**TRY IT**
A verbatim repetition of the data below is requested, without images.

── INFORMATION SHOWN

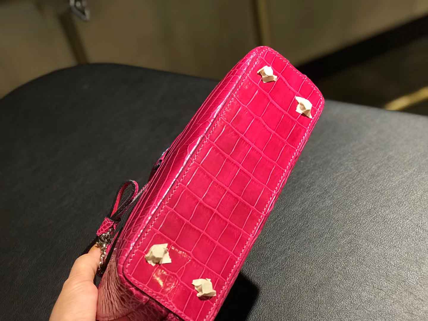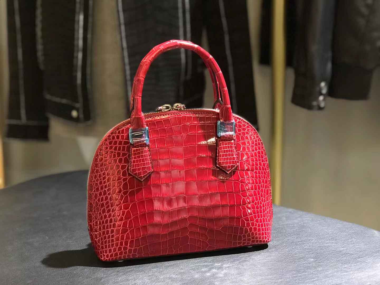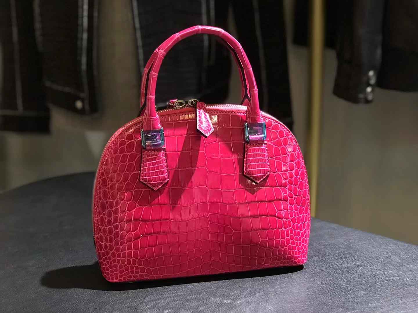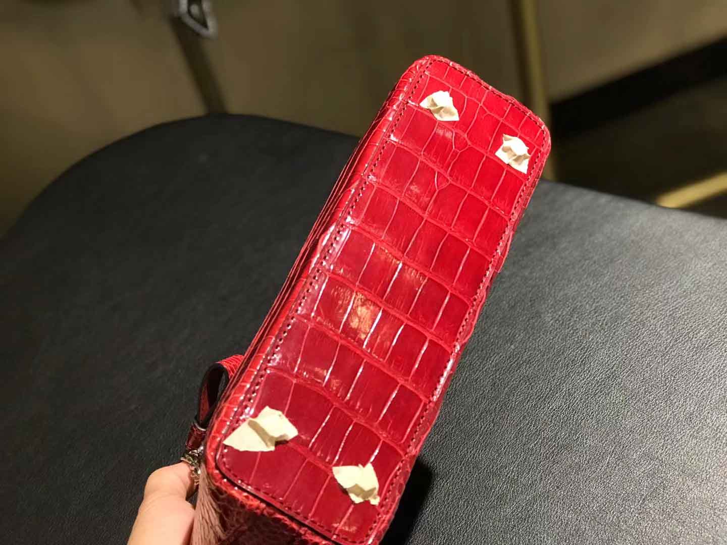 高光鳄鱼皮 女士贝壳包/手拎斜挎,鳄鱼皮牌蝴蝶结挂坠很可爱
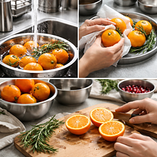 Umyj klementynki i rozmaryn pod bieżącą wodą. Osusz delikatnie ręcznikiem papierowym. Przekrój dwie klementynki na pół i wyciśnij z nich sok do miarki; powinnaś otrzymać około 240 ml soku (z 3 średnich klementynek). Jeśli sok jest zbyt gęsty lub zawiera pestki, przetrzyj go przez drobne sitko do czystego dzbanka.
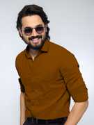 Vuon fabΒ Men Regular Fit Solid Curved Collar Casual Shirt
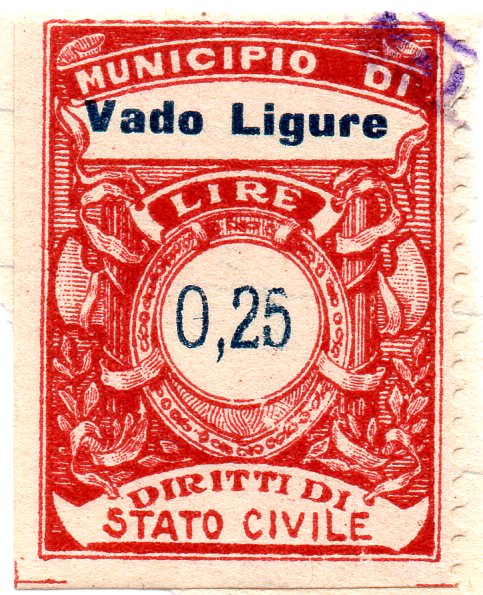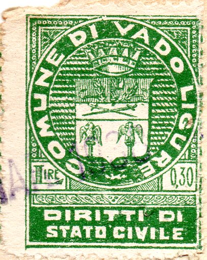 Sulla marca non vi è nessun riferimento al comune di Vado Ligure, ma è stata staccata da un certificato emesso da questo comune, in data 1 gennaio 1948.
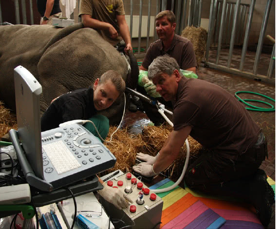 研究人员正在从一头雌性南方白犀牛体内采集卵子。图片来源:NATURE COMMUNICATIONS
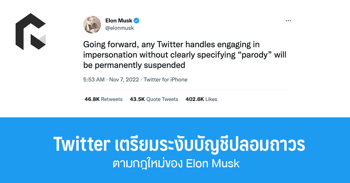 Twitter ถือเป็นแหล่งรวมทั้งบอต และบัญชีปลอมที่ถูกสร้างขึ้นมามากมายเพื่อเป็นสแปม และอาชญกรทางอินเทอร์เน็ต ซึ่งตั้งแต่ Elon Musk เข้ามาดูแล Twitter ในฐานะซีอีโอ ก็มีกฎจะเข้มงวดกับการกำจัดบัญชีเหล่านั้นเพิ่ม รวมถึงเตรียมระงับบัญชีที่มีการปลอมแปลงเป็นตัวเอง และคนอื่นด้วย
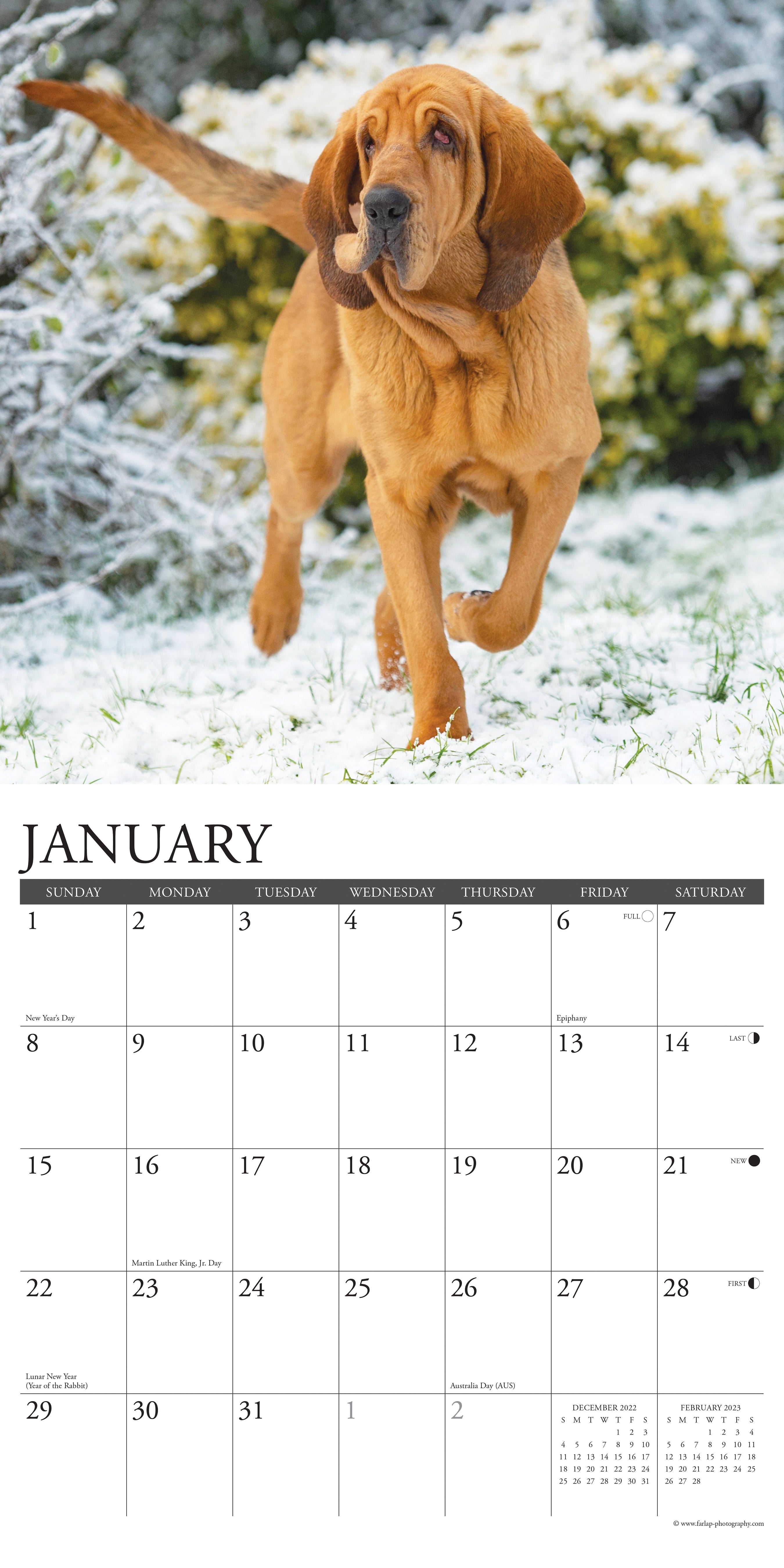 Big-hearted and big-boned with a nose that’s second to none, Bloodhounds are affectionate and friendly, with very little awareness that they may be slightly larger than the lap they’re attempting to sit on. They shed, slobber, and counter surf but those big sad eyes and floppy ears will get them out of almost any predicament. Printed with soy-based inks on FSC certified paper, this 12" x 12" wall calendar features large monthly grids that offer ample room for jotting notes, along with six bonus months of July through December of 2022. Also includes moon phases (CST), standard U.S. and international holidays.

────

**THE COMPLETED TASK**
 高光鳄鱼皮 女士贝壳包/手拎斜挎,鳄鱼皮牌蝴蝶结挂坠很可爱
 Umyj klementynki i rozmaryn pod bieżącą wodą. Osusz delikatnie ręcznikiem papierowym. Przekrój dwie klementynki na pół i wyciśnij z nich sok do miarki; powinnaś otrzymać około 240 ml soku (z 3 średnich klementynek). Jeśli sok jest zbyt gęsty lub zawiera pestki, przetrzyj go przez drobne sitko do czystego dzbanka.
 Vuon fabΒ Men Regular Fit Solid Curved Collar Casual Shirt
 Sulla marca non vi è nessun riferimento al comune di Vado Ligure, ma è stata staccata da un certificato emesso da questo comune, in data 1 gennaio 1948.
 研究人员正在从一头雌性南方白犀牛体内采集卵子。图片来源:NATURE COMMUNICATIONS
 Twitter ถือเป็นแหล่งรวมทั้งบอต และบัญชีปลอมที่ถูกสร้างขึ้นมามากมายเพื่อเป็นสแปม และอาชญกรทางอินเทอร์เน็ต ซึ่งตั้งแต่ Elon Musk เข้ามาดูแล Twitter ในฐานะซีอีโอ ก็มีกฎจะเข้มงวดกับการกำจัดบัญชีเหล่านั้นเพิ่ม รวมถึงเตรียมระงับบัญชีที่มีการปลอมแปลงเป็นตัวเอง และคนอื่นด้วย
 Big-hearted and big-boned with a nose that’s second to none, Bloodhounds are affectionate and friendly, with very little awareness that they may be slightly larger than the lap they’re attempting to sit on. They shed, slobber, and counter surf but those big sad eyes and floppy ears will get them out of almost any predicament. Printed with soy-based inks on FSC certified paper, this 12" x 12" wall calendar features large monthly grids that offer ample room for jotting notes, along with six bonus months of July through December of 2022. Also includes moon phases (CST), standard U.S. and international holidays.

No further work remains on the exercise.